Let AB be a major straight line divided at C, so that AC is greater than CB, let DE be a rational straight line, and to DE let there be applied the parallelogram DF equal to the square on AB and producing DG as its breadth.
I say that DG is a fourth binomial straight line.
Make the same construction as shown before.
Since AB is a major straight line divided at C, therefore AC and CB are straight lines incommensurable in square which make the sum of the squares on them rational, but the rectangle contained by them medial.
Since the sum of the squares on AC and CB is rational, therefore DL is rational. Therefore DM is also rational and commensurable in length with DE.
Again, since twice the rectangle AC by CB, that is, MF, is medial, and it is applied to the rational straight line ML, therefore MG is also rational and incommensurable in length with DE.

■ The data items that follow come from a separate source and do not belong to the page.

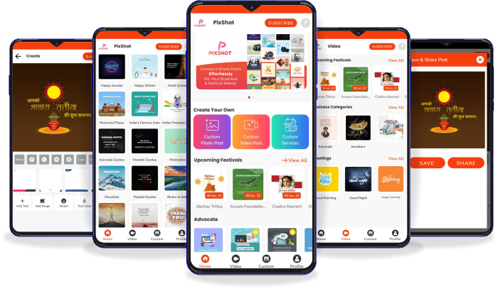 Posters and videos for various events in the year: Mahavir Jayanti, Passover Day, Hanuman Jayanti, World Health Day, Good Friday, Easter, Baisakhi Post, Ambedkar Jayanti, Tamil New Year, Bihu, Vishu, Bengali New Year, Ekadashi Post, Eid al-Fitr Post, Parashurama Jayanti, Akshaya Tritiya, Eid-E-Milad, Diwali, Bhai Dooj, Merry Christmas, Gandhi Jayanti, Dusshera, Jagannath Rathyatra, Bakri-id, Guru Purnima, Raksha Bandhan, Independence day, Janmashtami, Ganesh Chaturthi, Dhuleti Post, Holi Post, Ram Navmi Post. and more.
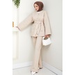 Kemerli Ceket Pantolon Gabardin Takım 1557 - Bej Bej
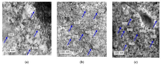 The areas of interest for TEM observations within sample 2, 5, and 7 included locations containing small precipitates. Detailed images of numerous precipitates formed across the examined XY plane within these samples can be seen in Figure 8a,c. The applied aging temperatures generally led to the formation of a large quantity of uniformly dispersed nanosized precipitates with needle-like and spheroidal shapes (indicated with dark blue arrows). These types of precipitates (especially the needle-like precipitates) were also observed by the authors of study [66]. The presence of precipitates, which are clearly visible within the structure, most probably contributed to the increased mechanical properties as well. Figure 8a shows a small number of needle-like shaped precipitates, which were about 4–6 nm in length. The density of nanoprecipitates was lower compared to samples 5 and 7 depicted in Figure 8b,c. The increased aging temperature not only led to the formation of a higher number of nanoparticles, but also to their larger size. Sample 5 (see Figure 8b) featured a higher number of precipitates corresponding to the higher aging temperature. The length of nanoprecipitates in sample 5 was higher (about 8–14 nm) than in sample 2 (sample 5 had the highest microhardness value in the XY plane after heat treatment). Clearly, the size of the nanoprecipitates gradually increased with increasing aging temperature from 420 °C to 520 °C. With increasing aging temperature, the precipitates tended to change their shapes from needle-like to spheroidal, which was also accompanied by an increase in size, i.e., 15–18 nm (see Figure 8c). The size and shapes of precipitates within sample 7 probably contributed to the decreased mechanical properties.
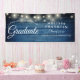 String Lights Blue Rustic Wood Graduation Banner
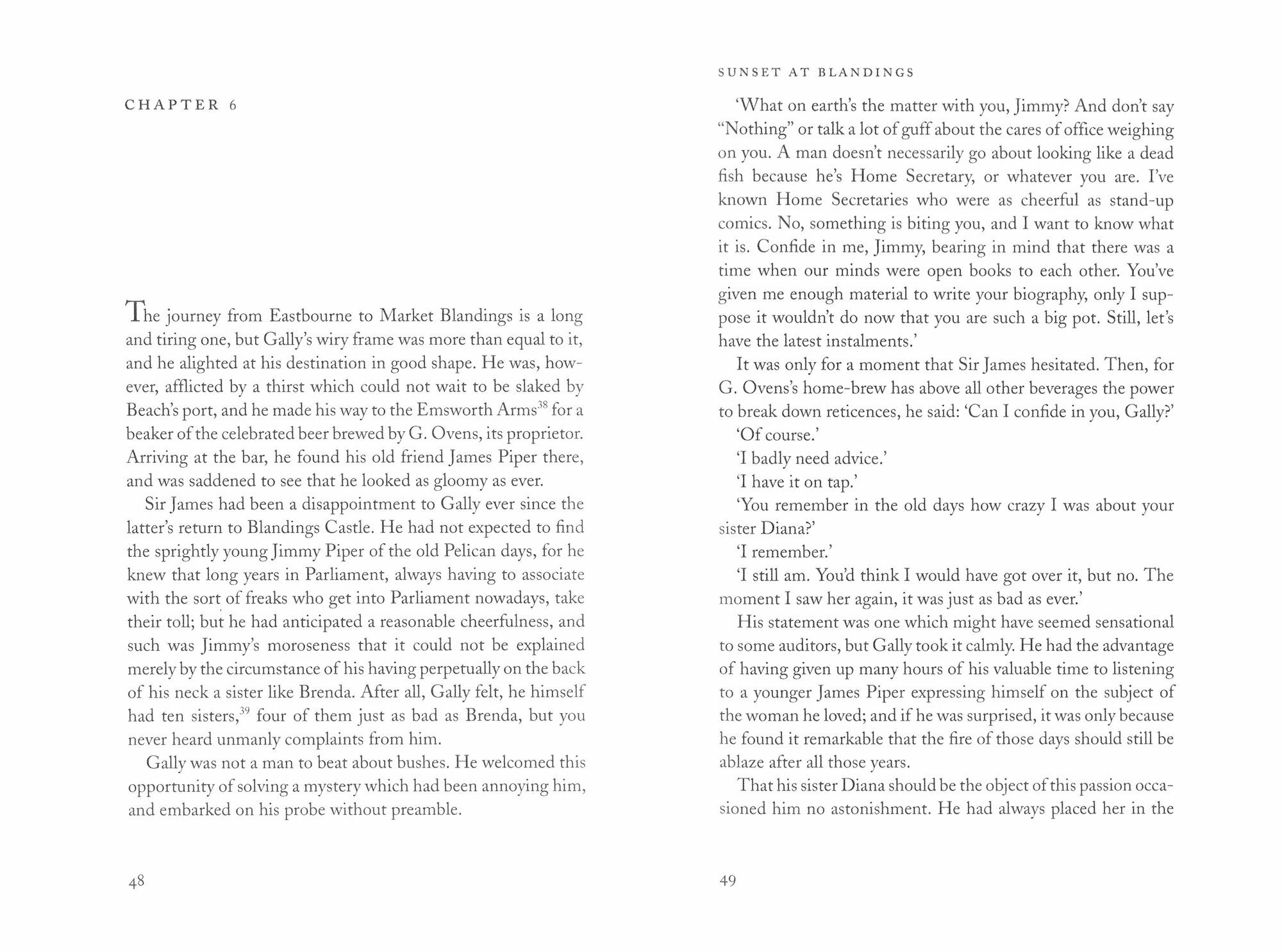 Many old friends reappear to take their last bow: the Earl of Emsworth, Dame Daphne Winkworth, Beach the butler, the Empress of Blandings (Lord Emsworth's prize pig), Freddie Threepwood (his son), G. Ovens, innkeeper, and an array of the earl's formidable sisters, including newcomers Florence and Diana.
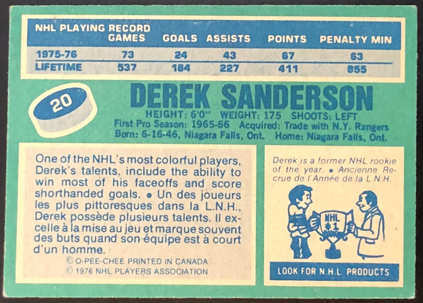 Lot 1319 1976-77 NHL O-PEE-CHEE DEREK SANDERSON

Therefore DM is also incommensurable in length with MG. Therefore DM and MG are rational straight lines commensurable in square only. Therefore DG is binomial.
It is to be proved that it is a fourth binomial straight line.
In manner similar to the foregoing we can prove that DM is greater than MG, and that the rectangle DK by KM equals the square on MN.
Since the square on AC is incommensurable with the square on CB, therefore DH is also incommensurable with KL, so that DK is also incommensurable with KM.
But, if there are two unequal straight lines, and to the greater there is applied a parallelogram equal to the fourth part of the square on the less and deficient by a square figure, and if it divides it into incommensurable parts, then the square on the greater is greater than the square on the less by the square on a straight line incommensurable in length with the greater, therefore the square on DM is greater than the square on MG by the square on a straight line incommensurable with DM.
And DM and MG are rational straight lines commensurable in square only, and DM is commensurable with the rational straight line DE set out.
Therefore DG is a fourth binomial straight line.
Therefore, the square on the major straight line applied to a rational straight line produces as breadth the fourth binomial.